# Line Prophet 100 vs. 1080 Gun (2007)



## jbowler116 (Mar 14, 2007)

*go prophets*

im am 5ft 10 135# and i ride 179 prophets with a tele set up, after about a week of getting used to the stiffness, i gained control of the skis and never looked back, i would recommend them to any and everyone. Kick ass ski hands down.


----------



## acetomato (May 6, 2006)

Prophets are great. They are stiff but not like race-ski stiff. I highly recommend them, but demo if you can.


----------



## jeffy (Sep 17, 2004)

I've skiied both of them. The Gun's are unstable at speed and the prophets aren't much better. I'd say the Prophet over the Gun if you already have Pocket Rockets. 

Honestly, check out the Mantra from Volkl. Very poppy and responsive.

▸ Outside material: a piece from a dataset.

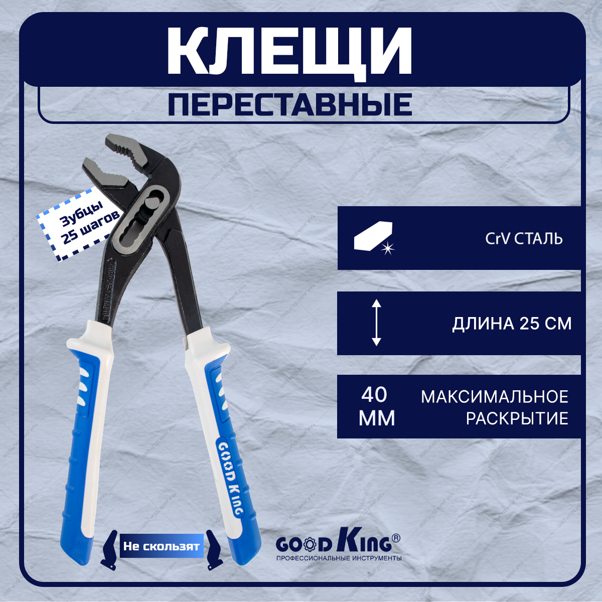 Купить Клещи переставные GOODKING KP-10250, 250 мм, с широким зевом, для дачи, для дома, для ремонта

Not as soft as the Karma and not as stiff as the Gotama. The Goats are a charge down the mountain ski and the Mantra is absolutely a kick.


----------



## iliketohike (Nov 29, 2006)

I too have prophets. I can't speak for the 1080's cause I've not skied them. I tele my prophets. I think they are great powder skis, too much ski then I need for groomers, but during powder season I rock them all the time, and in the early season and spring I go to my World Pistes. The Prophets are great for what I use them for with one big flaw... I think the construction leaves something to be desired. New out of the plastic last year I already have three spots where the top enamel has completely failed. This pisses me off. I they were made a little better I'd be ultra stoked on them.


----------



## jbarnow (Sep 10, 2007)

Depends on your goals of course but I can't see much of an argument...the lines are the best skis out there right now. They got product of the year. The things are virtually indestructable and they ski like a dream in both powder and the slopes...yes even the 100s in the park rock. I ride mine with tele bindings but friends rock them alpine....The Ski Journal - The SKi Journal

Need I say more?


----------